One bridge over the River Kwai has been of concern to us for more than 60 years. It was a Japanese- and British-made bridge on the Thai-Burmese frontier that spanned a river valley of very old topography and very young strata – that is, the remnants of things gone and the accumulation of things new – over a river that flooded during the monsoon season and very nearly dried up to boulders, sand, and muddy clay in the dry season. In the months that concerned us it had a rate of flow similar to our Brule River in the late summer and early fall.
No bridges concern me at the terminal end of the Minnesota Brule. Neither the American-made bridge over the famous Highway 61, built for commerce and traffic, nor the walking bridge 250 yards upstream, for tourists and day-hikers.
In Hovland, Minnesota, the Minnesota Brule passes through deep valleys and close canyons of very old strata and very young topography – topography created over the past 25,000 years of advancing and receding glaciers and shifting water courses.
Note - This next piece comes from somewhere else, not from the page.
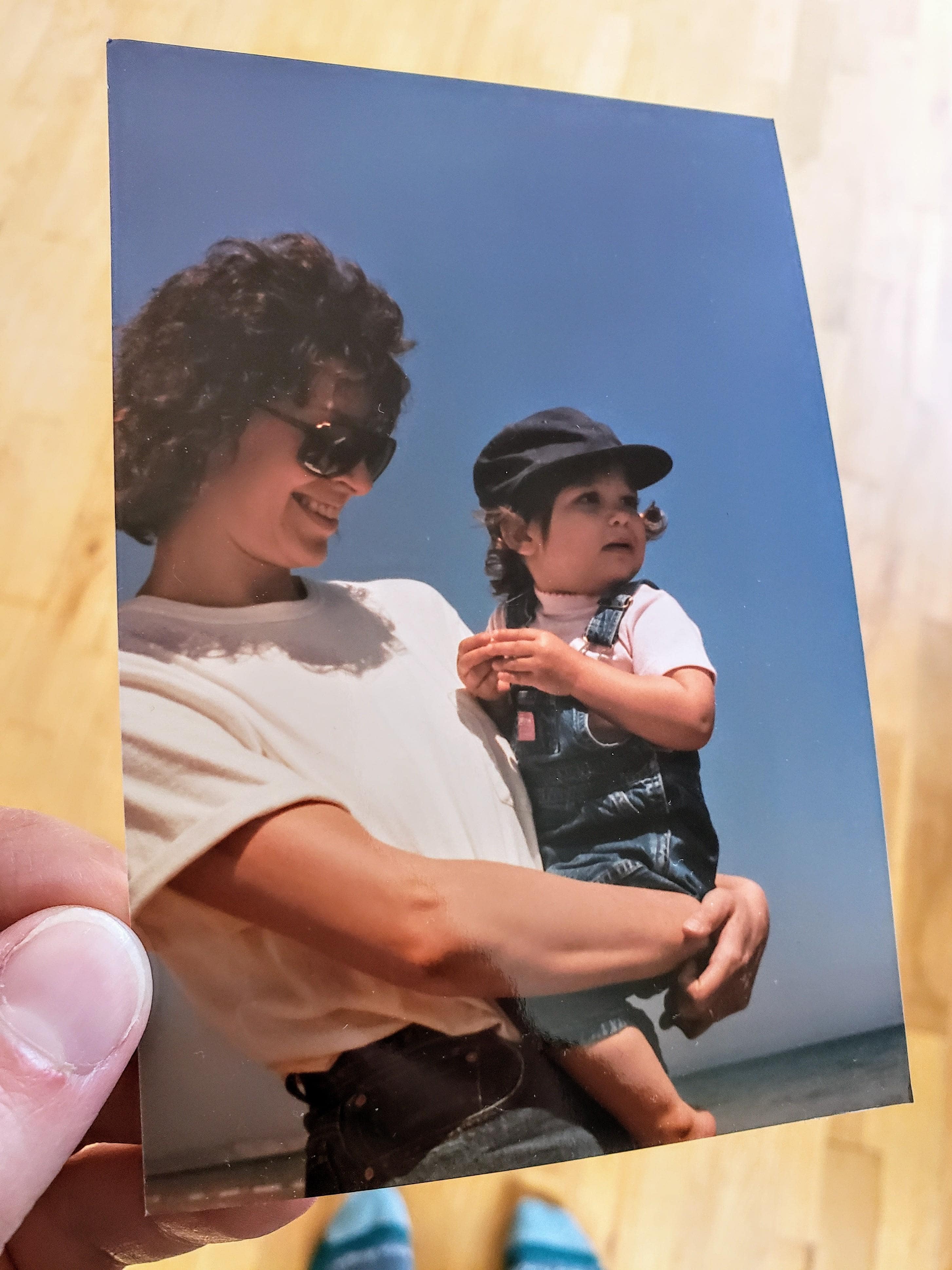 “Here's one I keep within eyesight of my desk. She's about my age here and we're at the beach on Cape Cod, where we'd spend time every summer when I was little. She passed away when I was 21, and Mother's Day is still rough, but I try to keep her spirit alive with my memories of her and by how I think about her when I look at photos like this. She was such a loving, fun, and funny person and I miss her every day.”

In the temperate rainforest of northeastern Minnesota it rises in the spring from snow and ice melt and spring rains and again in the late fall with autumn rains and the gales of November. It is low in August and September and October when all the groundwater upstream has been sucked out, and in the winter it flows very shallow and hidden below thick ice and deep snow.
To get to the most remote parts of this part of the Brule, I do not use bridges, but I ford it when I can with chest waders or in cut-off jeans and wading boots, sometimes the water being warmer than the air. When I cannot ford it proper, I sit down in the water and take in the cold water and move down with the force of the river and make my way down and across.
On my first big bend are two cascades, each with a short run below. I tie on a cricket imitation and sink him with a split-shot sinker 12” up to imitate a drowned cricket and drift him in front of the trout’s nose.
I ford again on a chute of shear rust-red rhyolite rock, then again, moving downstream, bank-to-bank, under great slopes of high ridges of white spruce and pine and rock canyon walls of white cedar and red and green dogwood.
Finally to a great wide and deep pool under a five-foot waterfall. Old cedars grasp the canyon walls and overhang us. There is space for casting and time for trying many flies. But here, where the habitat seems most habitable, beautiful and secluded and long, I am frustrated in my fishing.
There was pain and death on the formidable River Kwai, with dysentery, malaria, mosquitoes and labor upon labor with rationing of rations, and always the enemies.
Good things come to those who wait, it is said.
I say that good things come to those who struggle for them.
Sometimes, too often, great things do not come for those who struggle.